The great mystery on how to make durable, asynchronous functions for asio.
Asio is increasingly becoming a core component in both open source and commercial projects.
Asio is a header only library, utilizing clever, black belt C++ template meta-programming. I will not pretend that I comprehend much of it's internal workings.
This article is not an introduction to asio. I assume that you are already familiar with the basics, and know how to implement a highly performant asynchronous echo server or client, using asio. That is actually quite easy, and just require you to comprehend the APIs for handling sockets and so called continuations, in whatever asynch paradigm you prefer.
So, say for example that you like C++20 coroutines. To implement an echo client, you could cook together something like:
void echo(const std::string& message,
const std::string& server,
const std::string& port) {
co_spawn(boost::asio::system_executor(), [&]() ->awaitable<void> {
auto executor = get_associated_executor(use_awaitable);
// Initialize a TCP socket
tcp::socket s{executor};
// Resolve the hostname and port
tcp::resolver resolver{executor};
tcp::resolver::query q{server, port};
tcp::resolver::iterator ep = co_await resolver.async_resolve(q, use_awaitable);
// Connect asynchronously to the echo server
co_await s.async_connect(*ep, use_awaitable);
// Asynchronously send the message
co_await boost::asio::async_write(s, boost::asio::buffer(message), use_awaitable);
// Prepare a buffer for the reply
std::array<char, 1024> b;
boost::asio::mutable_buffer buffer{b.data(), b.size()};
// Asynchronously wait for and receive the reply
const auto bytes = co_await s.async_receive(buffer, use_awaitable);
// Check that we got the same message as we sent
assert(bytes == message.size());
assert(message == string_view(b.data(), bytes));
// Exit the C++ 20 coroutine
co_return;
}, detached);
}
Simple, and reasonable efficient. (According to my measurements, C++ coroutines performs a little better than asios stackful coroutines). This function will return immediately, and the coroutine will be executed by one of the threads powering the the provided io_service.

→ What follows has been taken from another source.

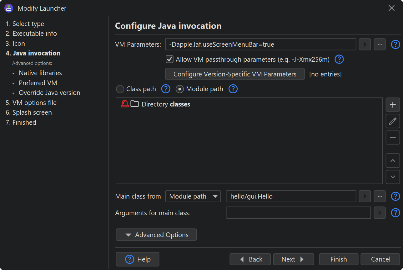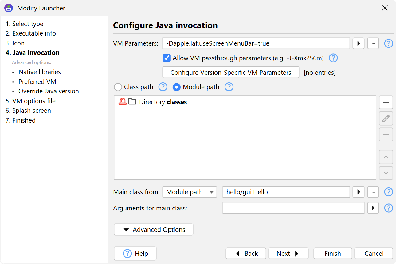 The most important configuration of a launcher is done on the "Java invocation" step of the launcher wizard and revolves around replicating the arguments you would pass to the Java launcher in a batch file:
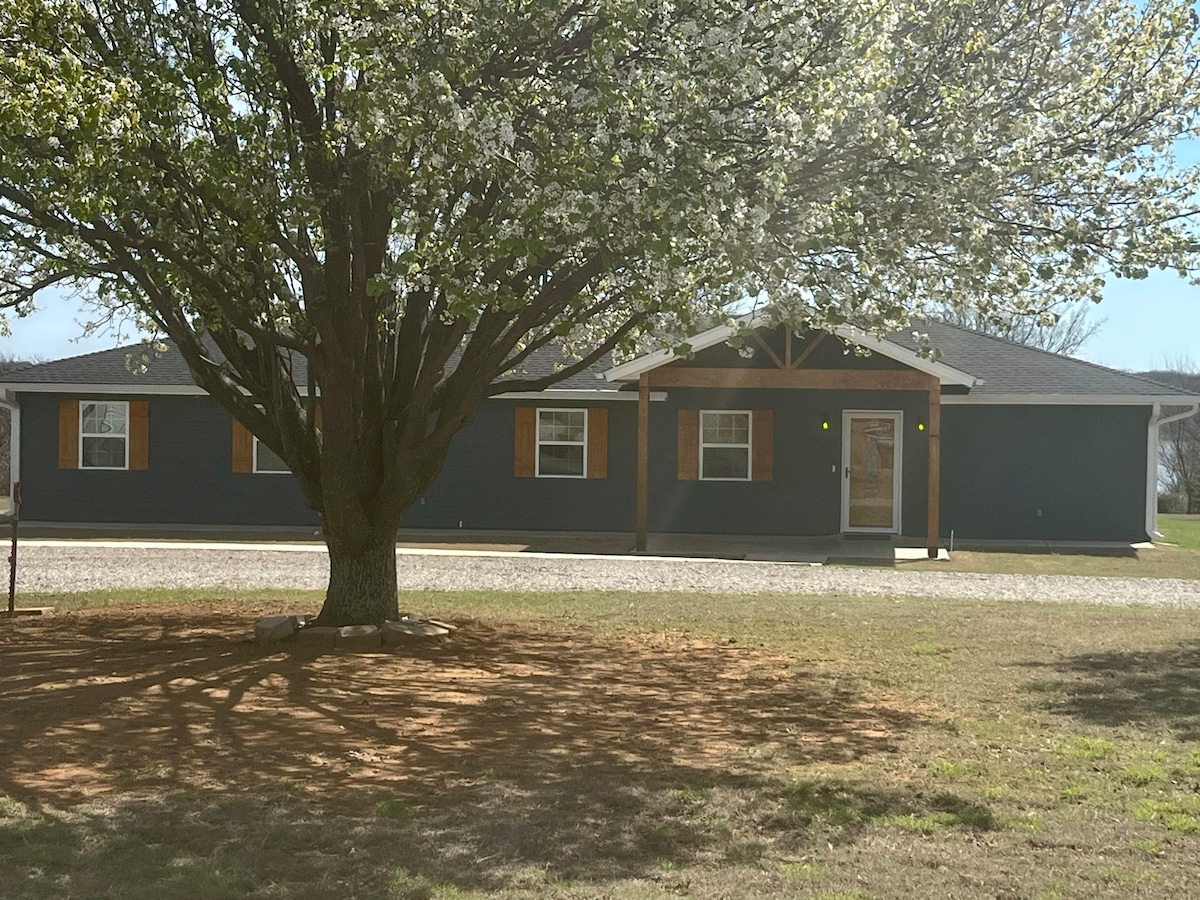 Accesible para discapacitados, 985 pies cuadrados totalmente remodelados. Paredes de madera de 16 pies. Techo abovedado con 2 ventiladores de techo grandes. Cocina pequeña, bar cafetería, baño con una gran ducha a ras de suelo, sala de estar abierta con sofás y sillón reclinable. Cama tamaño king. Colchón de aire disponible. Porche delantero cubierto y gran patio trasero. Los ciervos y los pavos vienen a menudo. Wifi y mucho aparcamiento con plazas cubiertas disponibles. A 7 minutos de Wal-Mart, a 5 minutos de restaurantes y a 3 minutos de una tienda de comestibles, todo en un entorno rural.

As you probably already know, the asynchronous asio functions above has the same interface no matter if you use a callback functor, stackful coroutine context or a request for a std::future<> as the last argument. As long as you pick one paradigm, and stick to it, asio programming is pretty straight forward. Personally, I have used stackful coroutines for most of my asio code since C++ 11. It allows for simple code with full stack-traces if the app crash. And the performance is fine in most circumstances.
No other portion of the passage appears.